Welcome to the **ASAP-CRN Learning Lab Pilot Workshop Series!**  

This notebook walks you through the essentials of data inspection and preliminary analyses in **Verily Workbench**.

> ðŸ’¡ **Tip:** Run each cell in order for the smoothest setup experience.  
> You can always come back later to experiment and make it your own.

In [None]:
# setting up environment
import sys
print(sys.executable)
from pathlib import Path
import pandas as pd 
pd.set_option('display.max_columns', None)
pd.set_option('display.width', 1200)

import os
import math
import matplotlib.pyplot as plt
from PIL import Image

try:
    import scanpy as sc
except ImportError as e:
    print("Error -> ", e)
    print("Installing scanpy")
    !conda install scanpy
    import scanpy as sc

/Users/amaraalexander/miniconda3/envs/ASAP-CRN/bin/python
Error ->  No module named 'scanpy'
Installing scanpy
Collecting package metadata (current_repodata.json): done
Solving environment: done


  current version: 23.3.1
  latest version: 25.9.1

Please update conda by running

    $ conda update -n base -c conda-forge conda

Or to minimize the number of packages updated during conda update use

     conda install conda=25.9.1



# All requested packages already installed.
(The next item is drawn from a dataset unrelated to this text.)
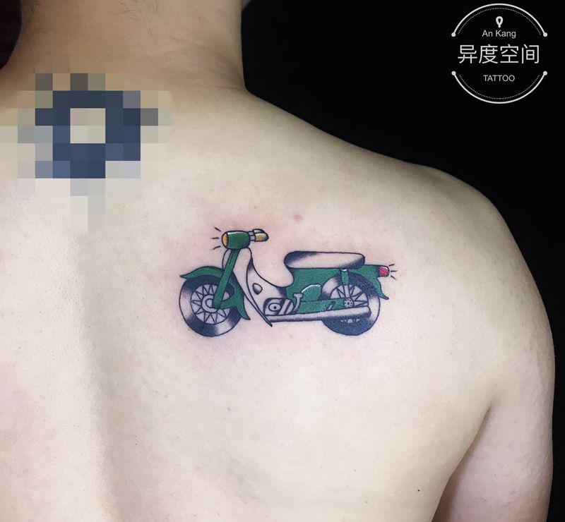 当前位置: 首页 >陕西省安康市纹身店-异度空间纹身馆纹身图案>摩托车纹身图片_背部胸部Old School幼兽复古机车纹身图案

ModuleNotFoundError: No module named 'scanpy'

### Set Project Paths

In [None]:
#set general folder paths
HOME = Path.home()
WS_ROOT = HOME / "workspace"
DATA_DIR = WS_ROOT / "Data"
WS_FILES = WS_ROOT / "ws_files"

if not WS_ROOT.exists():
    print(f"{WS_ROOT} doesn't exist. We need to remount our resources")
    !wb resource mount    

print("Home directory:     ", HOME)
print("Workspace root:     ", WS_ROOT)
print("Data directory:     ", DATA_DIR)
print("ws_files directory: ", WS_FILES)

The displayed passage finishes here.